Last updated: 2021-07-14 18:51:15

    Overview

    Tencent Cloud provides the Cloud Monitor service for all users by default; therefore, you do not need to manually activate it. Cloud Monitor will start collecting monitoring data only after a Tencent Cloud product is used.

    CKafka allows you to monitor the resources created under your account, including instances, topics, and consumer groups, so that you can keep track of the status of your resources in real time. You can configure alarm rules for monitoring metrics. When a monitoring metric reaches the set alarm threshold, Cloud Monitor will notify you of exceptions in time via email, SMS, WeChat, phone, etc.

    Directions

    Configuring alarm policy

    The created alarm can determine whether an alarm notification should be sent based on the comparison between the monitoring metric and the given threshold in the selected time period. You can take appropriate precautionary or remedial measures in a timely manner when the alarm is triggered because the status of CKafka changes. Properly creating alarm policies can help improve the robustness and reliability of your applications.

    Note:

    Be sure to configure alarms for your instance to prevent exceptions caused by a sudden traffic spike or specification limits.

    1. Log in to the CKafka console.

    2. In the instance list, click Configure Alarms in the Operation column to go to the alarm configuration page.

    3. On the alarm configuration page, select a policy type and instance and set the alarm rule and notification template.

      • Policy Type: select CKafka.

      • Alarm Object: select the CKafka resource for which to configure the alarm policy.

      • Trigger Condition: you can select Select template or Configure manually. The latter is selected by default. For more information on manual configuration, please see the description below. For more information on how to create a template, please see Creating trigger condition template.

        • Metric: for example, if you select 1 minute as the statistical period for the "Disk Utilization" metric, then if the disk utilization exceeds the threshold for N consecutive data points, an alarm will be triggered.
        • Alarm Frequency: for example, "Alarm once every 30 minutes" means that there will be only one alarm triggered every 30 minutes if a metric exceeds the threshold in several consecutive statistical periods. Another alarm will be triggered only if the metric exceeds the threshold again in the next 30 minutes.

        For metrics for which configuring an alarm policy is recommended, please see Monitoring Alarm Policies Recommended for CKafka.
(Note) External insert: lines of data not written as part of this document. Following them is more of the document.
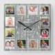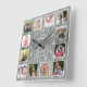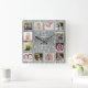 Reloj Cuadrado 12 Collage de fotos Nombre Familia Rústica Madera
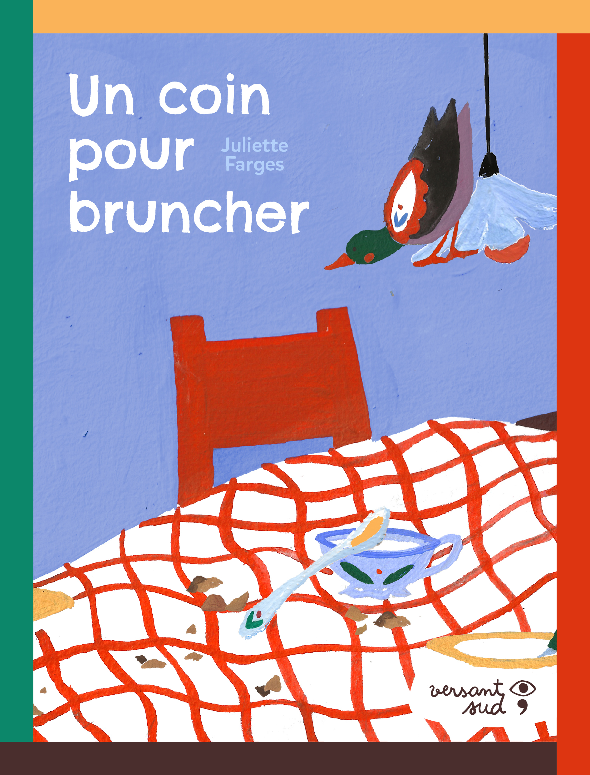 Ce matin, tous les canards se réunissent pour bruncher. Et Philippe qui avait complètement oublié! Brioche moelleuse pour se réveiller, soupe orange pour barboter, confiture, œufs troués ou chocolat chaud épicé, il y a de quoi se régaler ! Philippe fera un d’une nappe à carreaux un baluchon pour emporter les cookies restants. Aussi illustratrice que pâtissière, Juliette Farges a combiné ses deux métiers ! Elle crée deux petits albums mêlant une histoire et des recettes, conçues pour être facilement réalisées par des enfants. Ses illustrations naïves et gourmandes ajoutent de la fantaisie à ses récits culinaires.
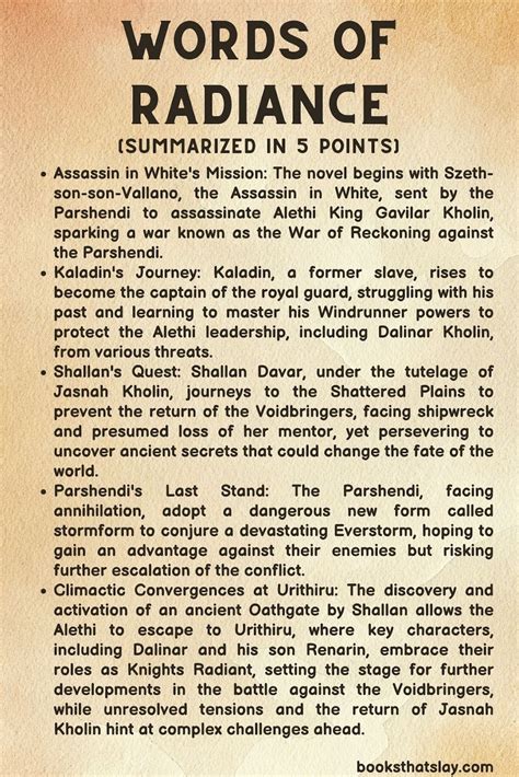 Web words of radiance is a 2014 epic fantasy novel by american writer brandon sanderson. Web return to a planet swept by apocalyptic storms, a world tipping into war as aristocratic families move to control the shard blades and shard plates, ancient artifacts. The second installment in the series the stormlight archive, the story is. Here are my many thoughts, reactions, emotions. Web contents 1 epigraph 2 plot summary 3 characters 4 setting 5 notable 6 chapter header 7 see also 8 notes epigraph[ edit] “ the next clue came on the walls. Web words of radiance is the second volume in the stormlight archive, an epic fantasy series by brandon sanderson expected to consist of ten volumes. If there is a words of radiance. Web in this *not spoiler free* video, sarah and markus talk your head off about words of radiance, the second installment in brandon sanderson's stormlight archi. Web this page contains a chapter by chapter summary of words of radiance, providing a summary and quick plot refresher. Web words of radiance summary and analysis freebooknotes found 6 sites with book summaries or analysis of words of radiance. Zahel plays a game where he throws rocks into a circle and tells kaladin to do laps around the grounds, but then tells him to stay as.

      • Notification Template: you can select an existing notification template or create one to set the alarm recipient objects and receiving channels.

    4. Click Complete to complete the configuration.
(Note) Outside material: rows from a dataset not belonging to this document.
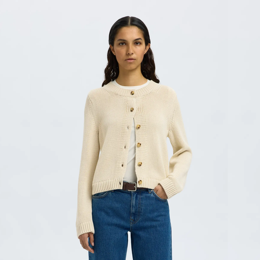 Selected Cille Knit O-Neck Cardigan, Irish Cream Melange
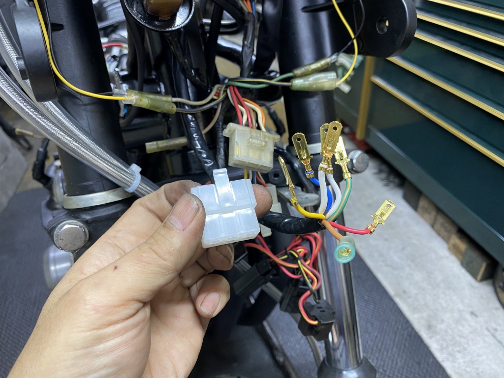 ハンドルスイッチなどの接続は変わるので、改造して適合させます。
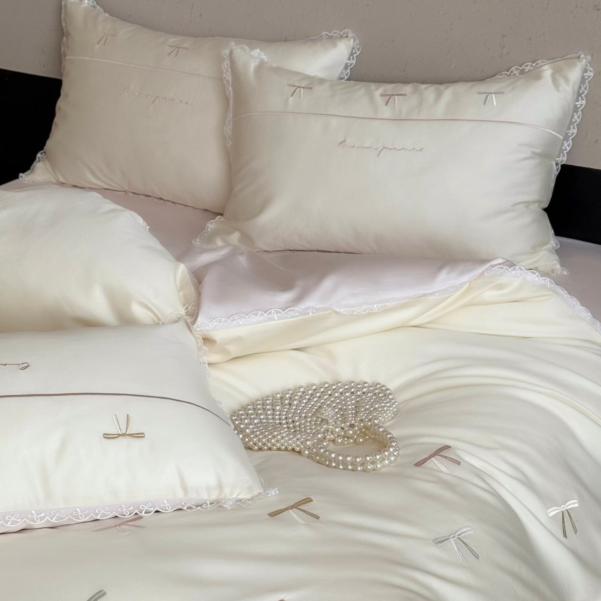 The Girl Crush Bedding Set combines delicate embroidery and cute lace trim to create a charming and inviting bedroom look. Featuring an elegant embroidered bow detail, this set adds a touch of feminine grace while maintaining a cosy, comfortable feel. Perfect for those who appreciate subtle, thoughtful details, this bedding set turns your personal space into a stylish retreat that encourages relaxation and confidence.
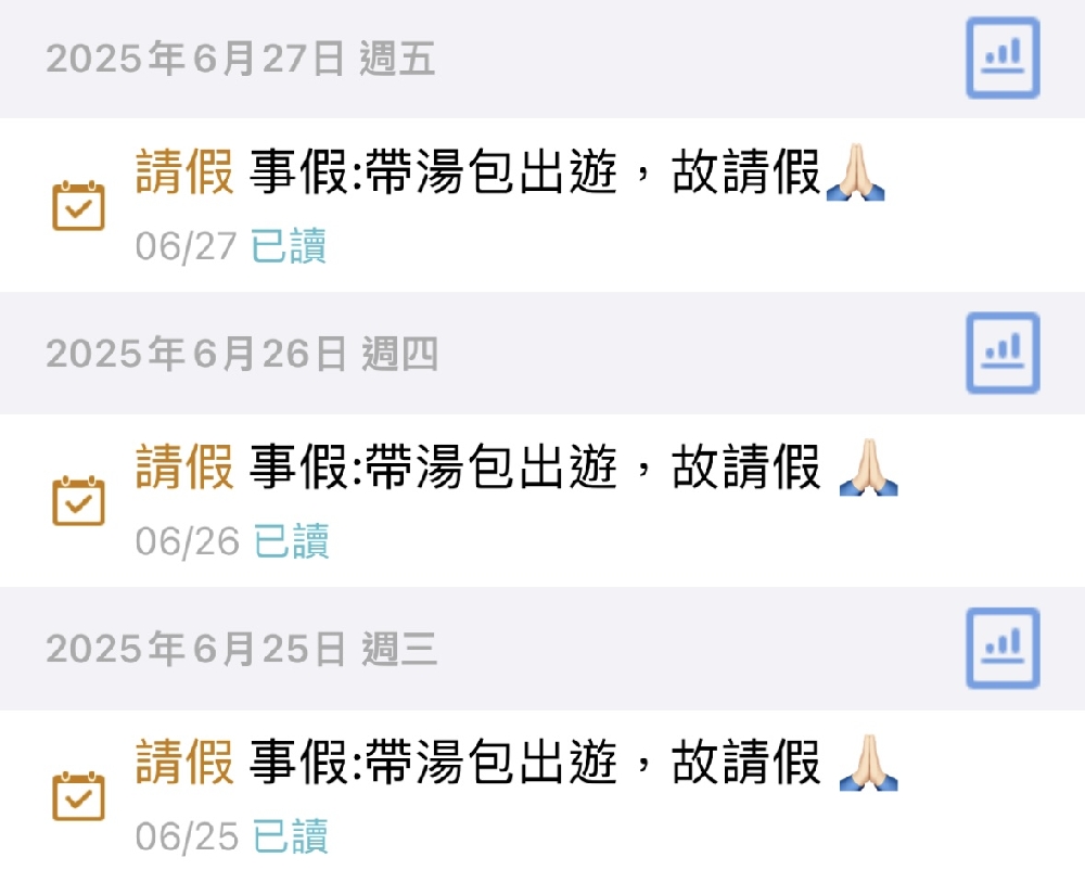 湯包2025年6月托嬰紀錄!這個月我和湯包爸爸安排了出國行程,感謝湯包的阿公阿嬤幫忙接送上下學,真的是超強後援無誤!回國後緊接著參加托嬰中心在阿沐舉辦的畢業典禮,然後再幫湯包請假三天帶他出遊,只能說這個六月過的非常充實!雖然參加了畢業典禮,但湯包還是會在托嬰中心待到八月底才換新學校唷!
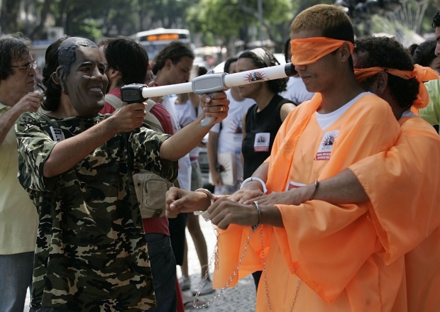 Manifestantes fazem protesto diante do Theatro Municipal do Rio, onde o presidente Barack Obama discursou, nesse domingo, 20
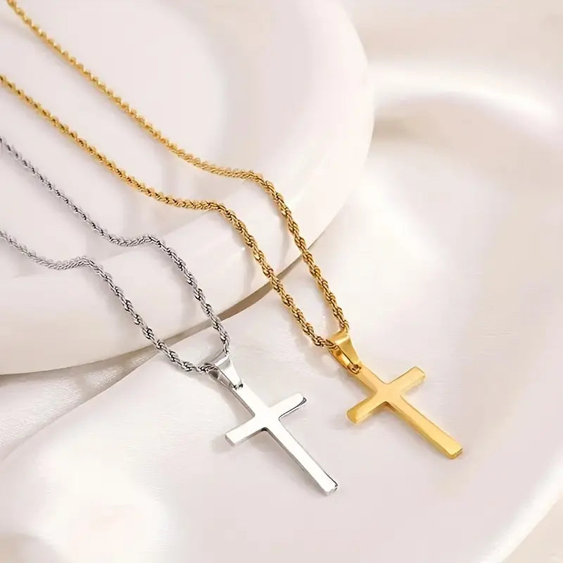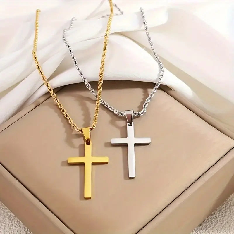- Design: Elegante Kordelkette mit einem klassischen Kreuzanhänger, der religiöse Symbolik mit modernem Stil verbindet.
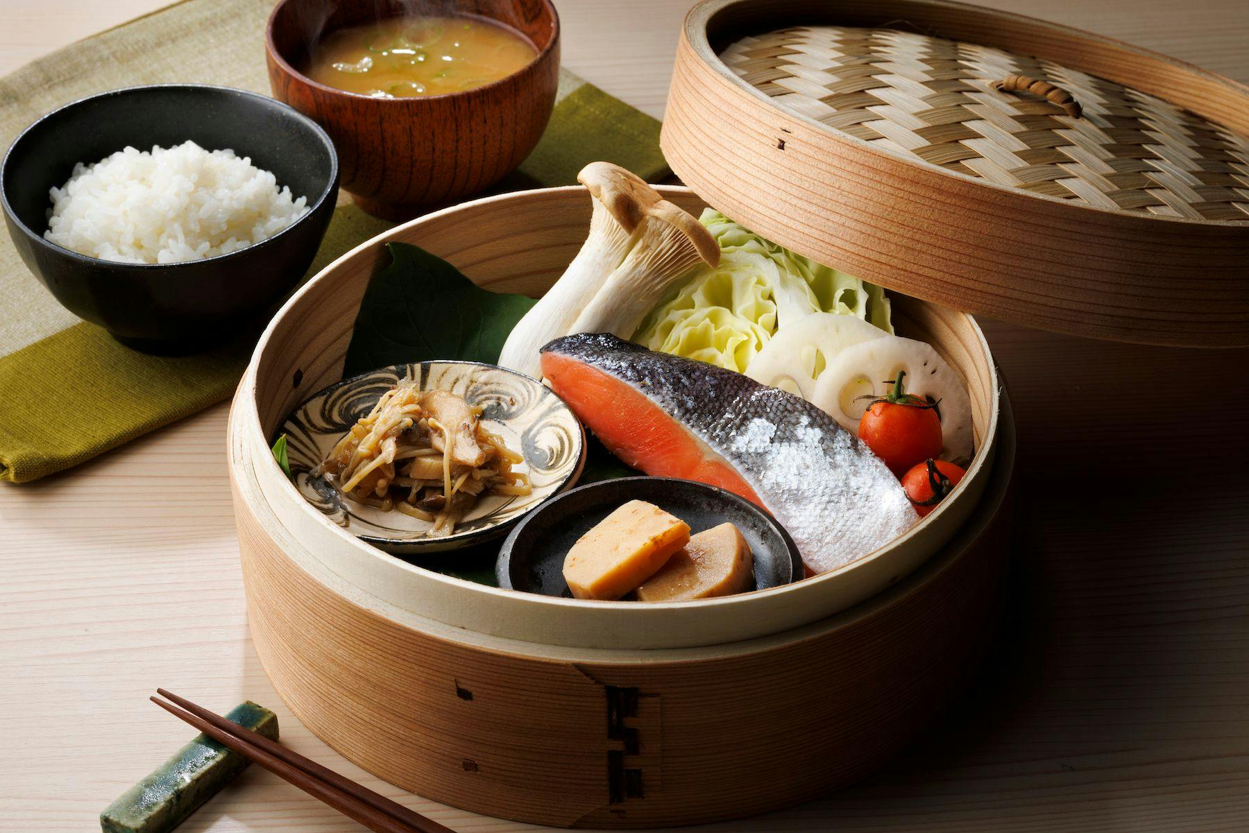 | 朝食 | 蒸籠蒸しの和朝食 蒸し鮭 季節野菜の温野菜 炊き立てご飯 山梨県産五味醤油のお味噌汁 |

    For more information on alarms, please see Creating Alarm Policy.

    Creating trigger condition template

    1. Log in to the Cloud Monitor console.
    2. On the left sidebar, click Trigger Condition Template to enter the trigger template list page.
    3. Click Create on the trigger template page.
    4. On the template creation page, configure the policy type.
      • Policy Type: select CKafka.
      • Use preset trigger condition: select this option and the system recommended alarm policy will be displayed.
    5. After confirming that everything is correct, click Save.
    6. Return to alarm policy creation page and click Refresh. The alarm policy template just configured will be displayed.

    For more information on metrics that may affect the business data stability, please see CKafka Data Reliability.
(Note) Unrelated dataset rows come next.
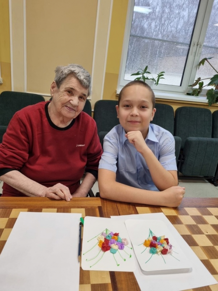 Пожилые люди встретили ребят с большой радостью! Они совместными усилиями изготавливали яркие поделки, и работа быстро спорилась! Дети были рады проявить себя и выполнили большую часть сложной работы.
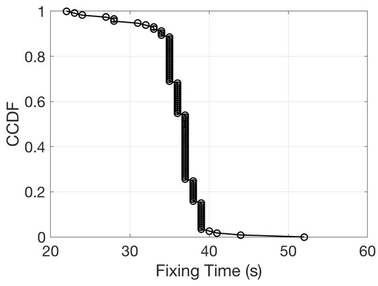 Complementary cumulative distribution function of the time to obtain the first fix from the GPS unit.
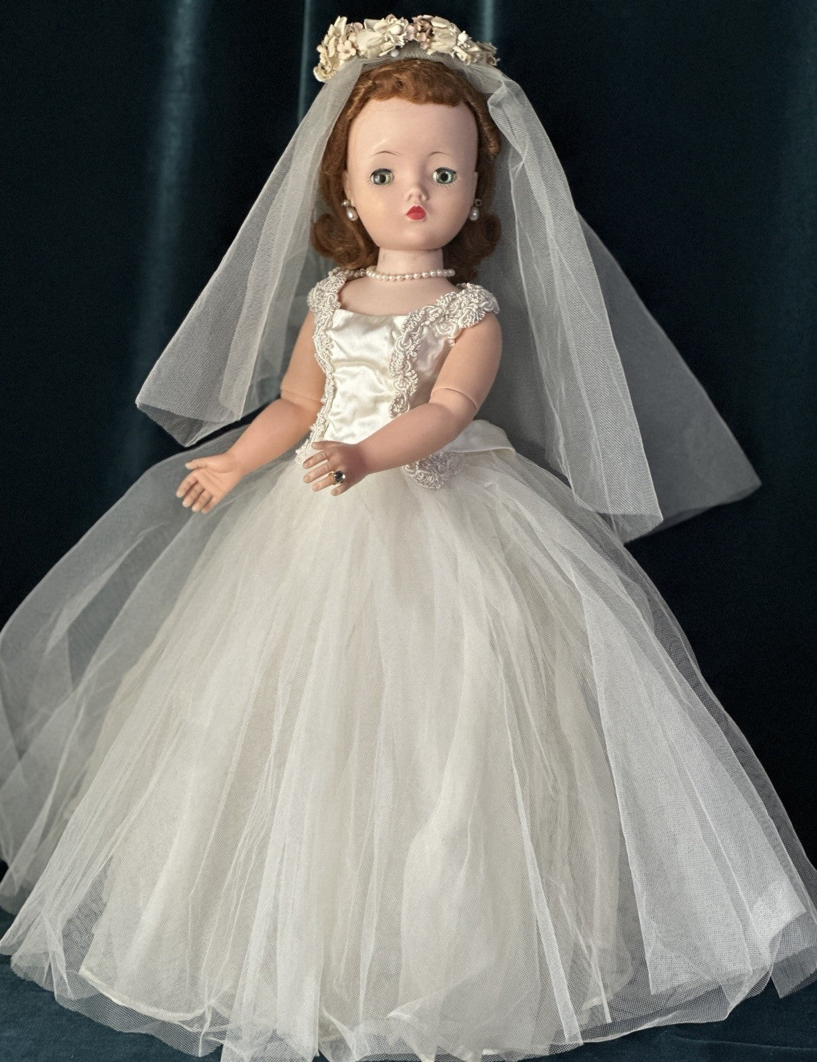 Vintage 1950’s Madame Alexander 20” Cissy Hard Plastic Doll Tagged Bride Outfit

    Based on user feedback, we recommend you configure alarm policies in the following 3 dimensions (6 metrics in total) for CKafka, but you should configure them reasonably based on your actual business conditions.

    Instance monitoring:

    Monitoring Metric Description
    Production Peak Bandwidth (MB/s) Peak traffic generated when the instance produces messages (excluding the traffic generated by replicas).
    Consumption Peak Bandwidth (MB/s) Peak traffic generated when the instance consumes messages (there is no replica concept in consumption).
    Disk Utilization (%) Ratio of the currently used disk capacity to the total disk capacity of the instance in percentages.
    Number of Connections Number of connections between the client and server.

    Topic monitoring:

    Monitoring Metric Description
    Used Disk Capacity (MB) Total size of messages in the topic (excluding those produced by replicas) that actually use disk capacity, which is the latest value in the selected time granularity.

    Consumer group:

    Monitoring Metric Description
    Number of Unconsumed Messages Number of unconsumed messages in the consumer group.